Przyjrzyjmy się obrazowi „Modlitwa o kielich”. Fabuła tego obrazu jest dość tradycyjna, ale została rozwiązana w zupełnie nietypowy sposób, zwłaszcza w porównaniu z artystami średniowiecza. Chrystus umieszczony jest w tle, tyłem do publiczności. Na pierwszym planie śpiący uczniowie Piotr, Jan i Jakub. Wciąż mają wiele ludzkich słabości i są przedstawiani bez aureoli – symboli świętości. W ten sposób Mantegna pokazał, że najważniejsze dla niego jest duchowe doskonalenie swoich uczniów.


Andrea Mantegna
Modlitwa o Puchar
Londyn, Galeria Narodowa

Na obrazku znajduje się wiele symboli. Zatem skała, na której modli się Chrystus, oznacza stałość w wierze, sen jest symbolem duchowej śmierci. W tle aniołowie, jeden z nich trzyma krzyż, co pokazuje, że to na krzyżu umrze Chrystus. Suche drzewo z sępem zapowiada śmierć, a gałąź z zielonym pędem wskazuje na rychłe zmartwychwstanie; pokorne króliki siedzące na drodze, którą będzie przechodził oddział rzymskich żołnierzy, aby aresztować Chrystusa, mówią o łagodności człowieka w obliczu nieuniknionej śmierci. Trzy pnie pozostałe po ściętych i już wyniesionych drzewach przypominają o zbliżającym się ukrzyżowaniu. Na pierwszym planie z jałowej skały wyłaniają się pędy trawy, za uczniami młode drzewko – to symbole nowego życia. Postacie są narysowane w typowy dla artysty sposób i sprawiają wrażenie wyrzeźbionych w kamieniu, każdy fałd ich ubioru jest ostro zarysowany. Tło stanowi obraz ogrodu z ciemnymi liśćmi. Zieleń ta kontrastuje swoją tonacją z delikatnym, zielonym światłem nieba, co wywołuje uczucie głębokiego smutku i pewnej zagłady.

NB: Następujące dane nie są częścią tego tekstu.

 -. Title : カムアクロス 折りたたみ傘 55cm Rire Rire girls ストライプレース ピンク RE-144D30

Inne podejście do symboliki okresu od średniowiecza do renesansu można dostrzec w obrazach Hieronima (Hieronymusa) Boscha (b. ok. 1450/1460 - 1516). Naprawdę nazywał się Jeroen Antoniszaen van Aken, jednak artysta podpisywał swoje prace pseudonimem.

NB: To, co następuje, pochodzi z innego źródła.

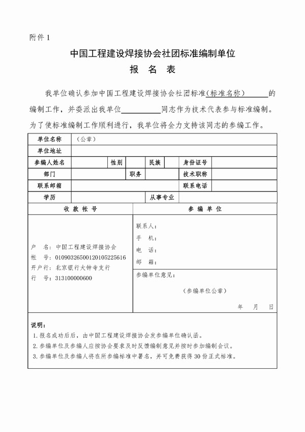 1.填寫“中國工程建設(shè)焊接協(xié)會團(tuán)體標(biāo)準(zhǔn)參編單位報名表”(見附件1),單位負(fù)責(zé)人簽署意見并加蓋公章;

Hieronymus Bosch to wybitny malarz holenderski, który w misterny sposób połączył w swoich obrazach cechy średniowiecznej fantastyki, folkloru, przypowieści filozoficznych i satyry. Jeden z twórców malarstwa pejzażowego i gatunkowego w Europie. Jego obrazy również mają charakter religijny i często przedstawiają świętych i chrześcijańskich męczenników, ale nie są to już tematy całkowicie biblijne. Język artystyczny Boscha nigdy nie pasował całkowicie do średniowiecznych interpretacji symbolicznych. Artysta często posługiwał się pewnymi symbolami w znaczeniu odwrotnym do powszechnie przyjętego, a także wymyślał nowe symbole. Może dlatego nazywano go „ponurym pisarzem science fiction”, „honorowym profesorem koszmarów”, ale współcześni surrealiści widzieli w Boschu swojego duchowego ojca i poprzednika.

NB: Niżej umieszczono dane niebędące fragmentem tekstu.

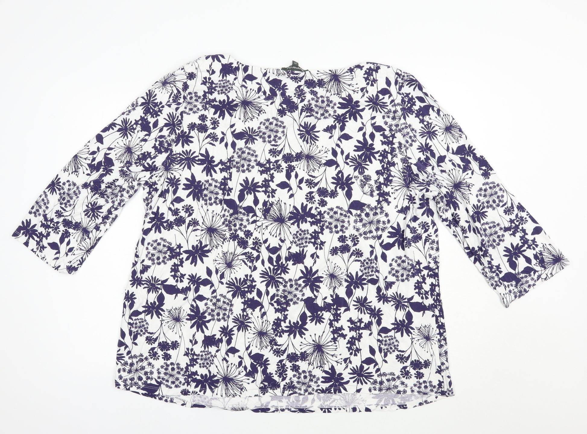 Womens White Floral Viscose Basic Blouse Size 24 Boat Neck

Hieronim Bosch stworzył w 1503 roku tryptyk „Ogród rozkoszy ziemskich”, w którym w pełni objawiła się jego wyjątkowa wizja świata. Zamiast rzekomej postaci Chrystusa ukazane jest tu ziemskie życie ludzi w całej jego grzesznej „świetności”. Po bokach przedstawiono niebo i piekło. Tym samym wzrok widza nie jest skierowany od lewej krawędzi w prawą stronę, co stwarzałoby wrażenie nieskończona seria męka (Stworzenie świata – ofiara Chrystusa – Sąd Ostateczny) i od środka aż po krańce, a jej moralność można wyrazić słowami: „Dostajesz to, na co zasługujesz”.


Hieronima Boscha
Ogród rozkoszy ziemskich 1503
Tryptyk, drewno, olej, środek 220x195 cm.
drzwi boczne 220x97 cm.

Kompozycja lewego skrzydła kontynuuje temat stworzenia świata, narodzin człowieka i przedstawia scenę „Stworzenia Ewy”. Różne zwierzęta pasą się wśród zielonych wzgórz, na tle fantastycznego krajobrazu Raju, wokół stawu o dziwacznej strukturze. To Fontanna Życia, z której różne stworzenia wychodzą na ląd. Na pierwszym planie, w pobliżu Drzewa Poznania, przebudzony Adam ze zdumieniem patrzy na Ewę, którą pokazuje mu Bóg. Jak zwykle u Boscha, nie ma idylli bez zapowiedzi zła, a my widzimy dół z ciemną wodą, kota z myszą w pysku (kot to okrucieństwo, diabeł). Karłowata palma rosnąca na tajemniczej pomarańczowej skale znajduje się po przekątnej do kwitnącej palmy. Na spokojne życie zwierząt rzuca cień kilka wydarzeń: lew pożera jelenia, dzik goni tajemniczą bestię. A ponad tym wszystkim wznosi się Źródło Życia – hybryda roślin i marmurowej skały, strzelista gotycka budowla osadzona na ciemnoniebieskich kamieniach małej wyspy. Na samym szczycie znajduje się ledwo zauważalny półksiężyc, ale już z jego wnętrza niczym robak wyłania się sowa - posłaniec nieszczęścia.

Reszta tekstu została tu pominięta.